**Task statement**
Search the listing below for the line with "沖縄らしいコバルトブルーのビ", then write out that line and every one after it exactly, without the pictures.

**Given material**
▶

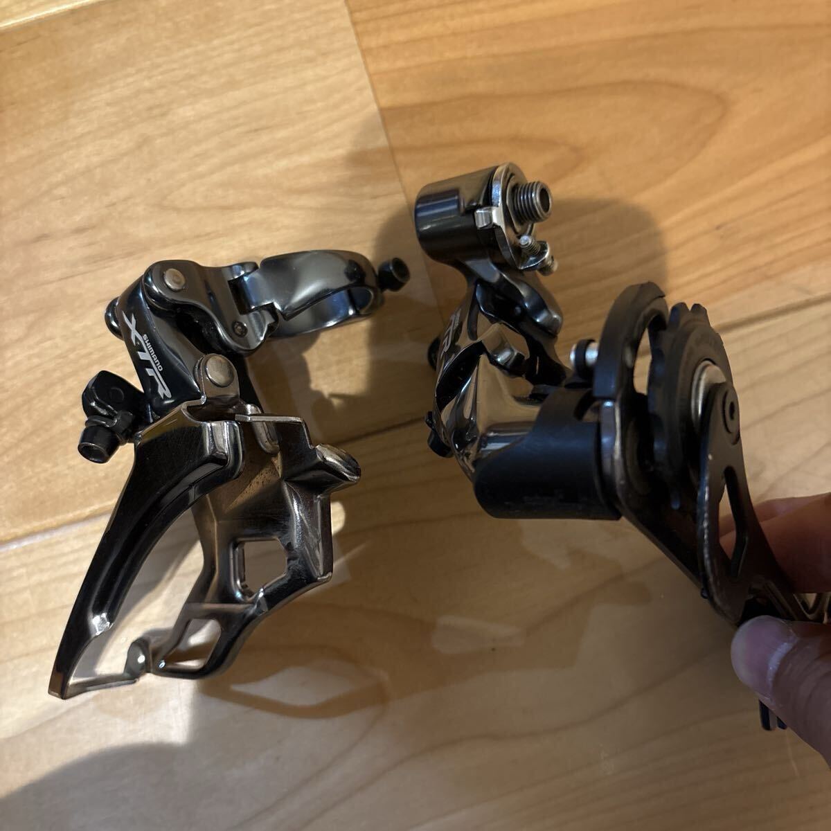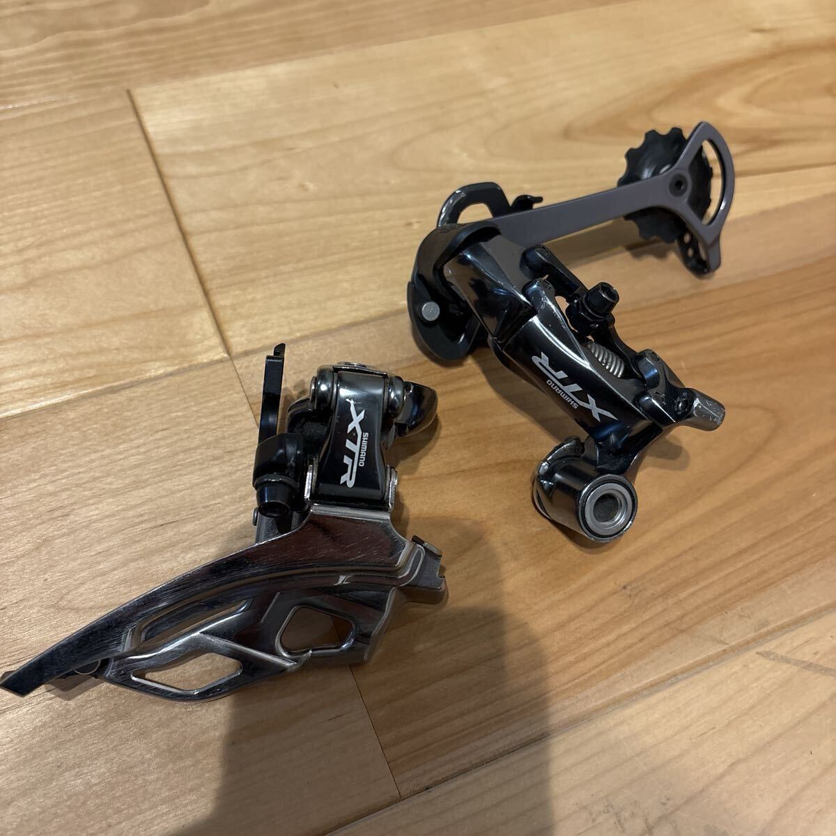 シマノXTRの前後ディレーラーになります。当オークションで購入し、数回街乗りで使用しましたが、シフト操作に慣れず、交換して室内で保管していました。今後も使用の予定がないので出品します。動作に問題はありませんが、使用や保管による傷や汚れは見られますので、きれいな商品をご希望の方は入札をお控えください。写真に写っているものが全てになります。ちなみに、リアディレーラーは、ローノーマル仕様ですのでご注意下さい。中古商品につきノークレームノーリターンでお願いします。
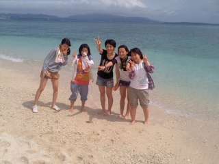沖縄らしいコバルトブルーのビーチです。ビーチバレーをして楽しんでいるグループもありました。
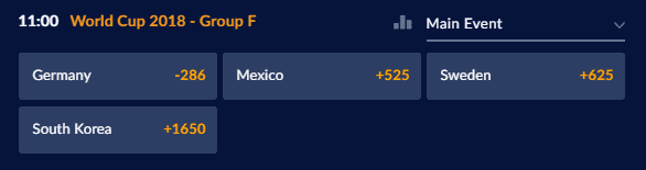 Odds to advance: Germany (-1200), Mexico (+110), Sweden (+125), South Korea (+250)

◀

**Reply**
沖縄らしいコバルトブルーのビーチです。ビーチバレーをして楽しんでいるグループもありました。
 Odds to advance: Germany (-1200), Mexico (+110), Sweden (+125), South Korea (+250)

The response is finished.